- Requirement
An exact copy of every entry is needed, with the images left out.

*** Supplied data Section Begins ***

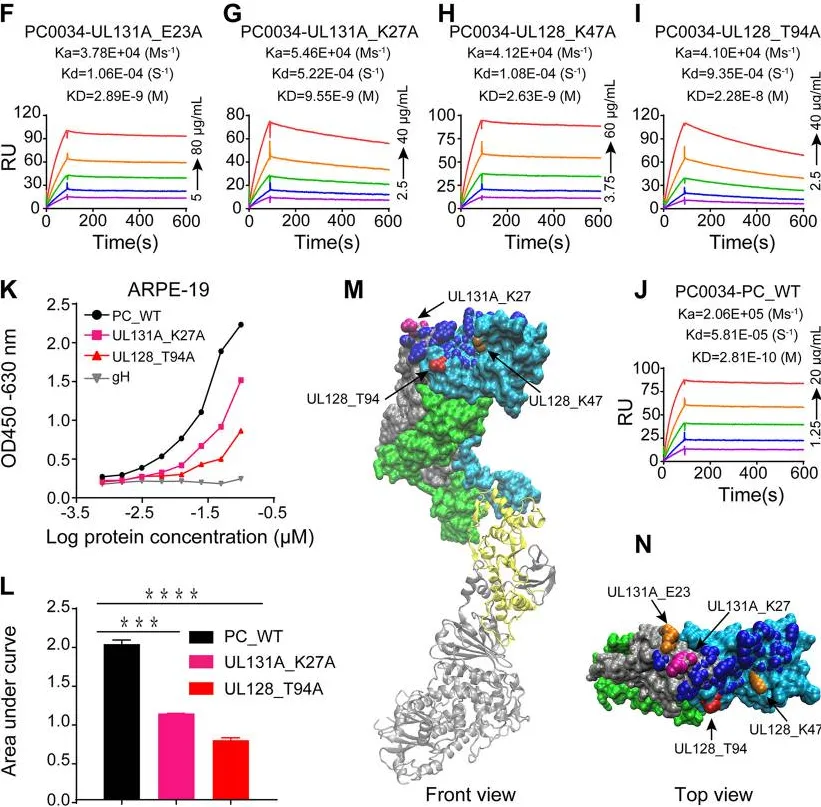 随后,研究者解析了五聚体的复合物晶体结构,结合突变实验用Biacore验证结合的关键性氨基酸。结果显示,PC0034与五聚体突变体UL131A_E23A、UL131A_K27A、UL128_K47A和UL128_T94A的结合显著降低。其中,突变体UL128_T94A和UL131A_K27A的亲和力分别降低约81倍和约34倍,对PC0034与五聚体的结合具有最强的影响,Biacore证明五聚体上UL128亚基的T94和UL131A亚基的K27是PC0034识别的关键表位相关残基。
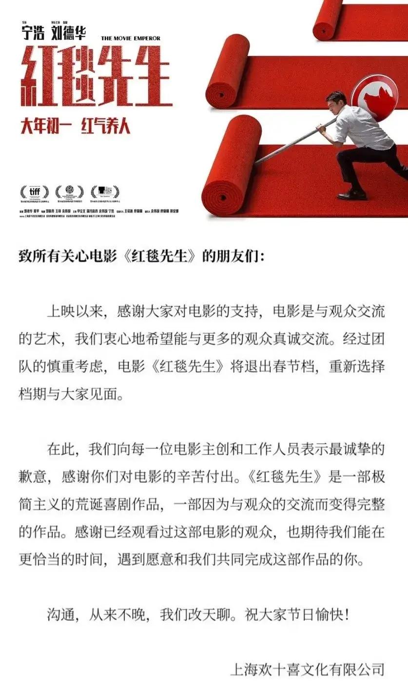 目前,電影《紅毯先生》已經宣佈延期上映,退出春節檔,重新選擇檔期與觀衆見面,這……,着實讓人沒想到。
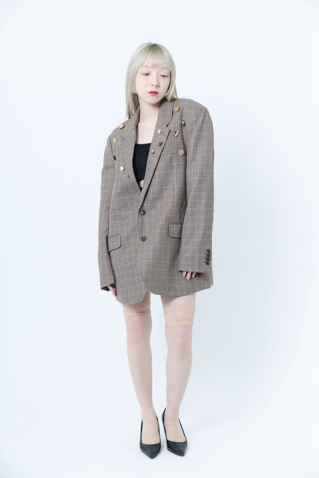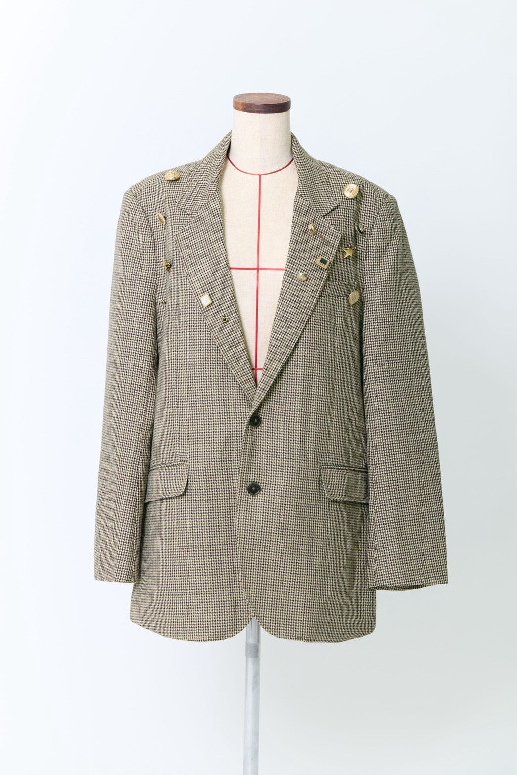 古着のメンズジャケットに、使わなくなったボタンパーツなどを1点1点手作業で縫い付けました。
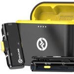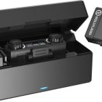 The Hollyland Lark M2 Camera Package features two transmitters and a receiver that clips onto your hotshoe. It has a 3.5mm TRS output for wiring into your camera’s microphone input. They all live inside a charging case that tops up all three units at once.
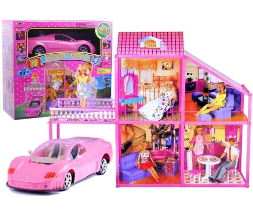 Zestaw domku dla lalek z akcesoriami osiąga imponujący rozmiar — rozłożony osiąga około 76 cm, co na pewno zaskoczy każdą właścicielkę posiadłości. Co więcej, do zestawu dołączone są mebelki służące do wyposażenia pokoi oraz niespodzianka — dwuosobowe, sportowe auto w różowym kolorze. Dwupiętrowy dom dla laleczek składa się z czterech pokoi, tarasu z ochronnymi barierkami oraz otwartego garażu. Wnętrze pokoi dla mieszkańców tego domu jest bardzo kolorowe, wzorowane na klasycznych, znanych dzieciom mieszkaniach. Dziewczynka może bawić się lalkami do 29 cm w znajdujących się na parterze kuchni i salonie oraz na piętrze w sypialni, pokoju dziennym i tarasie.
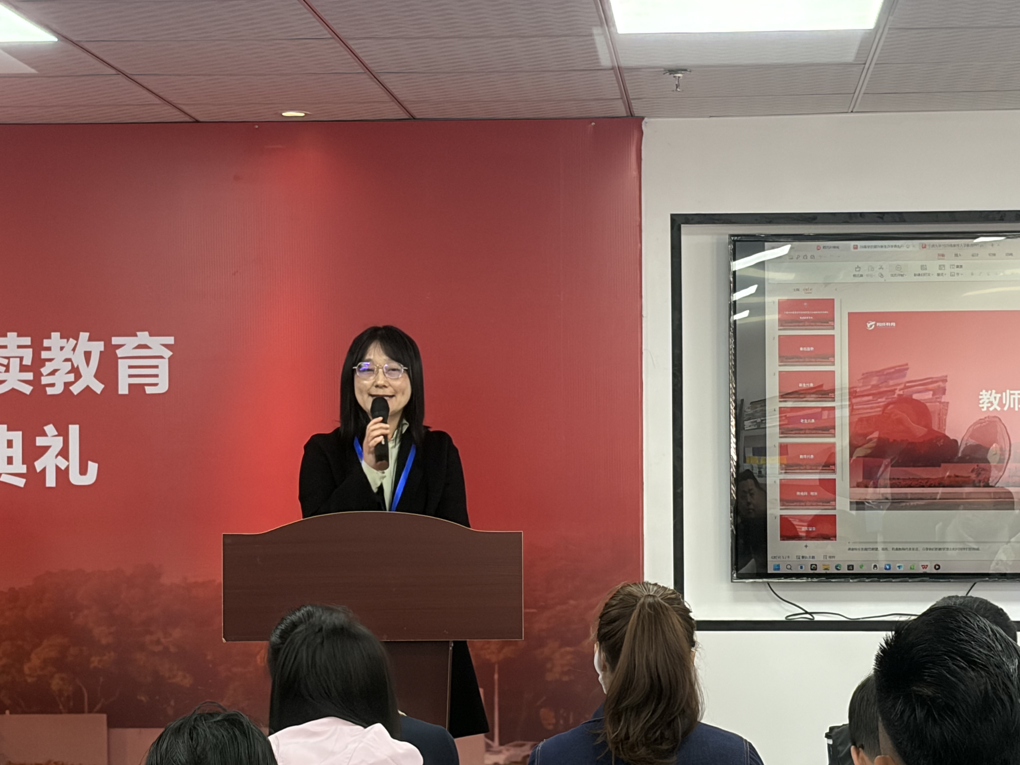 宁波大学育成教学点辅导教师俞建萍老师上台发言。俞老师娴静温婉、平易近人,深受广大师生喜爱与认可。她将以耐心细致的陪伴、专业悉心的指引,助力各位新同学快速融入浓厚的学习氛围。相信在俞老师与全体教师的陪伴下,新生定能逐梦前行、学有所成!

*** Supplied data Section Ends ***

- Reply to the task
 随后,研究者解析了五聚体的复合物晶体结构,结合突变实验用Biacore验证结合的关键性氨基酸。结果显示,PC0034与五聚体突变体UL131A_E23A、UL131A_K27A、UL128_K47A和UL128_T94A的结合显著降低。其中,突变体UL128_T94A和UL131A_K27A的亲和力分别降低约81倍和约34倍,对PC0034与五聚体的结合具有最强的影响,Biacore证明五聚体上UL128亚基的T94和UL131A亚基的K27是PC0034识别的关键表位相关残基。
 目前,電影《紅毯先生》已經宣佈延期上映,退出春節檔,重新選擇檔期與觀衆見面,這……,着實讓人沒想到。
 古着のメンズジャケットに、使わなくなったボタンパーツなどを1点1点手作業で縫い付けました。
 The Hollyland Lark M2 Camera Package features two transmitters and a receiver that clips onto your hotshoe. It has a 3.5mm TRS output for wiring into your camera’s microphone input. They all live inside a charging case that tops up all three units at once.
 Zestaw domku dla lalek z akcesoriami osiąga imponujący rozmiar — rozłożony osiąga około 76 cm, co na pewno zaskoczy każdą właścicielkę posiadłości. Co więcej, do zestawu dołączone są mebelki służące do wyposażenia pokoi oraz niespodzianka — dwuosobowe, sportowe auto w różowym kolorze. Dwupiętrowy dom dla laleczek składa się z czterech pokoi, tarasu z ochronnymi barierkami oraz otwartego garażu. Wnętrze pokoi dla mieszkańców tego domu jest bardzo kolorowe, wzorowane na klasycznych, znanych dzieciom mieszkaniach. Dziewczynka może bawić się lalkami do 29 cm w znajdujących się na parterze kuchni i salonie oraz na piętrze w sypialni, pokoju dziennym i tarasie.
 宁波大学育成教学点辅导教师俞建萍老师上台发言。俞老师娴静温婉、平易近人,深受广大师生喜爱与认可。她将以耐心细致的陪伴、专业悉心的指引,助力各位新同学快速融入浓厚的学习氛围。相信在俞老师与全体教师的陪伴下,新生定能逐梦前行、学有所成!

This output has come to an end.